MATERIALS AND METHODS
Cell cultures and reagents
Unless otherwise stated, all chemicals were from Sigma–Aldrich Co., Ltd. (Shanghai, China). The NSCLCA549 cell line was from the American Type Culture Collection. The A549-derived Nrf2-knockdown cell line, siNrf2-C27, and its control cell line siGFP-C5, were described previously [63]. To generate stable lines overexpressing Keap1, A549 cells were transfected with an mKeap1-pEGFP plasmid expressing mouseKeap-1. After selection in culture medium containing 0.8 mg/ml G418, one clone named mKeap1-C1, which maintained stable overexpression of Keap1 after multiple passages, was chosen for this study. Similarly, a cell line named GFP-c1 was generated after A549 cells were stably transfected with empty pEGFP vector, and served as a negative control.
RNA isolation and qRT-PCR
Total RNA was prepared using TRIzol reagent (Invitrogen) and the detailed procedures for qRT-PCR were described previously [63]. The primers used in this study were obtained from primer bank [64] except AKR1C1, GCLC [65] and listed in Supplementary Table 8. p values <0.05 were considered statistically significant.
Microarray data analysis
The raw data were analyzed using Agilent GeneSpring GX software (Version 11.0).
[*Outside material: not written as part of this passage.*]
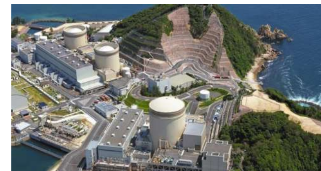
40年超えで再稼働した美浜原発3号機（手前）

若狭湾の美浜・高浜原発、東海第二原発等老朽原発の40年超え延長を許さず、80年超えへの法改定には、全国各地で大衆行動に取組み、署名運動や国会議員への働きかけを強めましょう。またこれを機会に、さらに全国的なネットワークをめざします。

Normalization of microarray data from KEAP1-overexpressing and NRF2-KD A549 cells along with specific control samples was performed using the Robust Multi-array Average summarization method. The raw microarray data have been submitted to the GEO database with the accession number GSE94393. We used triplicate microarray samples from the KEAP1-overexpressing and NRF2-KD A549 cells, including control samples to minimize off-target effects. The differential expression of genes was carried out in all triplicate samples and the genes that underwent up- or down-regulation were identified using a p-value <0.05 calculated using the t-test. We used a Heatmapper tool [66] to generate heat maps to depict up- and down-regulated genes.
Functional annotation and protein-protein interaction network analyses
The DAVID web tool [23] was used to identify the functional annotation of downregulated genes (fold-change >1.5) in microarrays from KEAP1-overexpressing, NRF2-KD, and both A549 cells. STRING-v10 was used to identify the protein–protein interaction networks of downregulated genes (fold-change >1.5) obtained from combinatorial analysis of both microarrays [24].
In silico analysis
Putative AREs in metabolic gene promoters were identified using RSAT [25]. The promoter sequence contains -5 kb lengths for 34 selected genes were retrieved from Eukaryotic Promoter Database (EPD) [67]. We then subjected these sequences to RSAT to identify AREs using the string-based pattern matching RSAT program ‘dna pattern’ as described previously [68]. Briefly, the DNA patterns RTGASNNNGCR and RTGAYNNNGCR (where R = A or G, S = C or G, Y = C or T, and N = any nucleotide) were used in the query option to identify an exact match of an ARE sequence in the given 5-kb promoter sequences. The DNA patterns designed by Abduallah et al. [68] are based on well-known previous publications on the structure of AREs [69-71].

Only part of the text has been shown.